4) If we set it free, what are the realistic chances of finding a mate, and procreating, in this relatively short time to freezing temps.?

5) If we can't find a way to supply proper food for the Nymphs, assuming viable egg sac &amp; coming within a couple of months, is it possible to place the Ootheca outside in the field with a chance of survival during the winter?

Thank you...


----------



## Johnald Chaffinch (Oct 22, 2005)

hi, i havent even got a mantis yet, i've just been reading a lot about them - so i cant give great advice. i reckon the best answers to your questions will be found by using the Search option at the top menu there, if you search for the keywords of your questions you're likely to find the info you need


----------



## RW (Oct 22, 2005)

As this is my first run on this forum, my apologies for redundant questions.

I'll try to search around for answers, but the basic question is whether or not this could be a viable Ooth...

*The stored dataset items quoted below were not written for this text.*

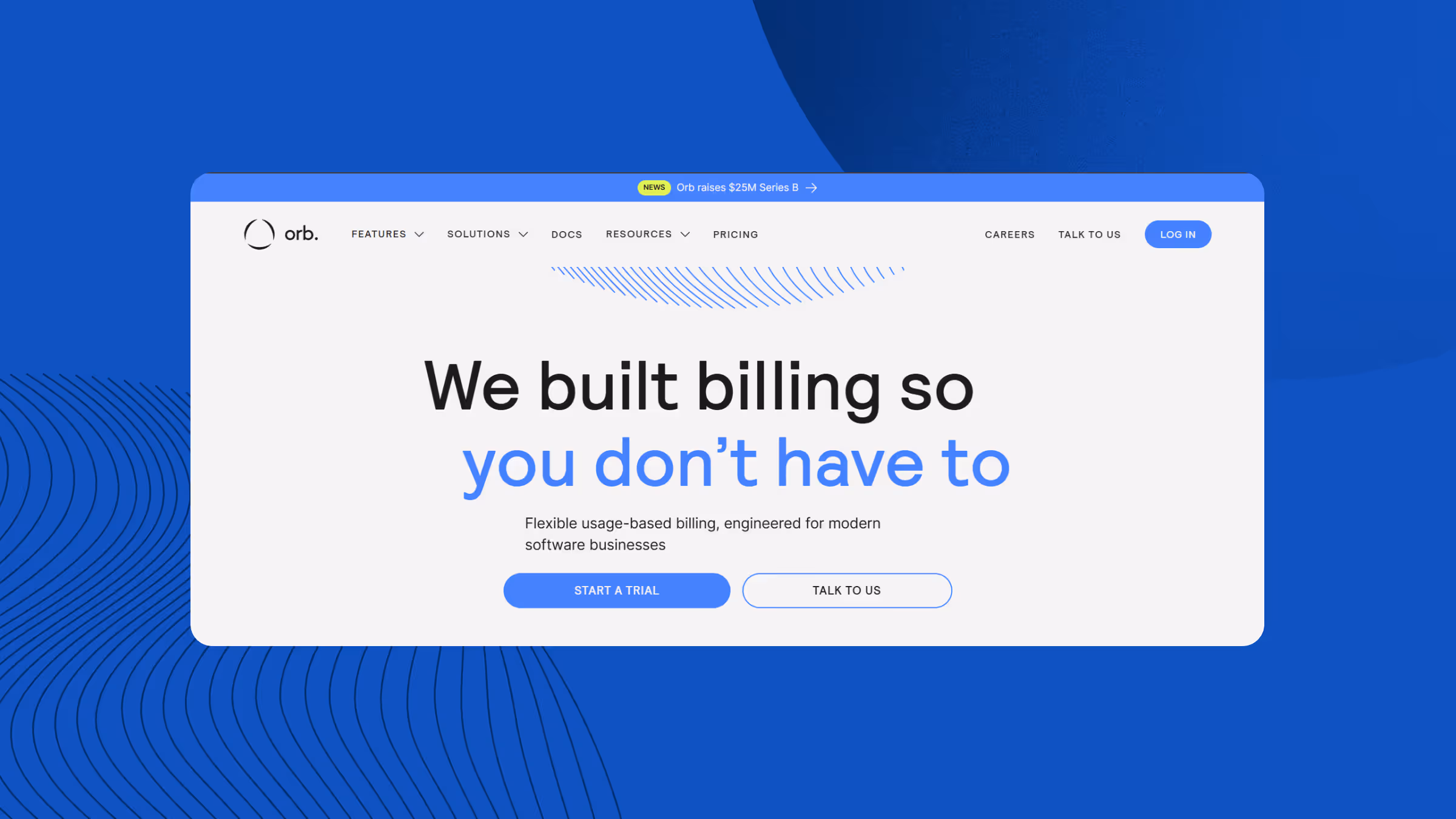 Get started today with Orb’s usage-based billing platform and automate your SaaS subscription billing the right way. Explore Orb’s pricing tiers and find a plan that fits your business needs.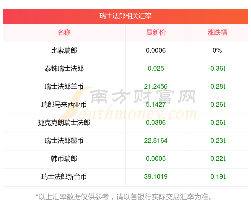 南方財(cái)富網(wǎng)為您提供瑞士法郎對(duì)新臺(tái)幣匯率最新價(jià)格詳情。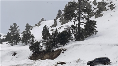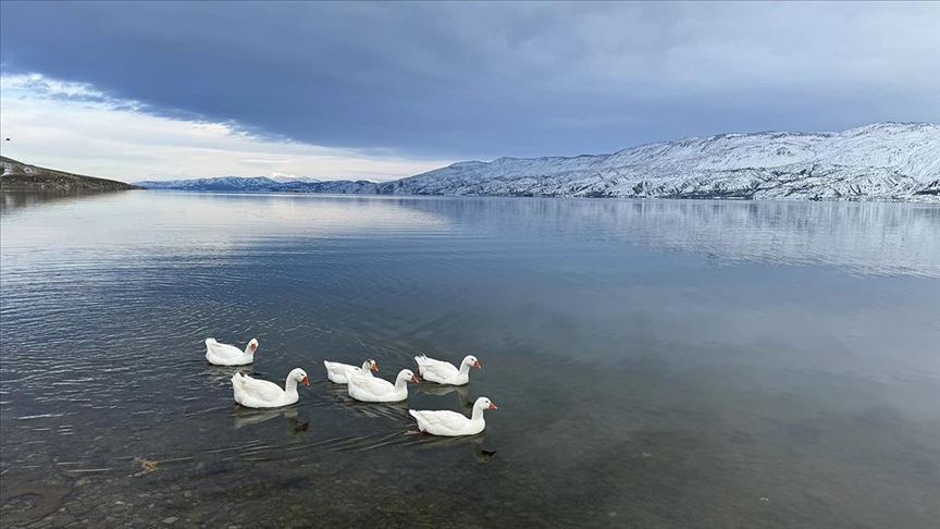 Karla kaplı dağ ve kazların yüzdüğü Hazar Gölü, güzel görüntü oluşturdu.

Thank you, and Best Regards, Rich


----------



## micheleinvirginia (Oct 22, 2005)

Hey Rich,

Im new at this too, but I found a female and she has laid 2 ooths so far. Its cold here, but not quite as cold as Illinois. I would keep her, extend her life a little as she would probably die sooner outside (I would think) and give the ooths away or just put them out into your yard, or even keep them in your fridge until next spring and then let them outside at hatch time.


----------



## Rick (Oct 22, 2005)

Most likely if you found her outside the eggs will be fertilized. She will lay a few more at least and they should also be fertile. The number of fertile eggs decreases with each ooth layed unless she is mated again. She will live longer inside then she will outdoors of course. Sometimes quite a bit longer.


----------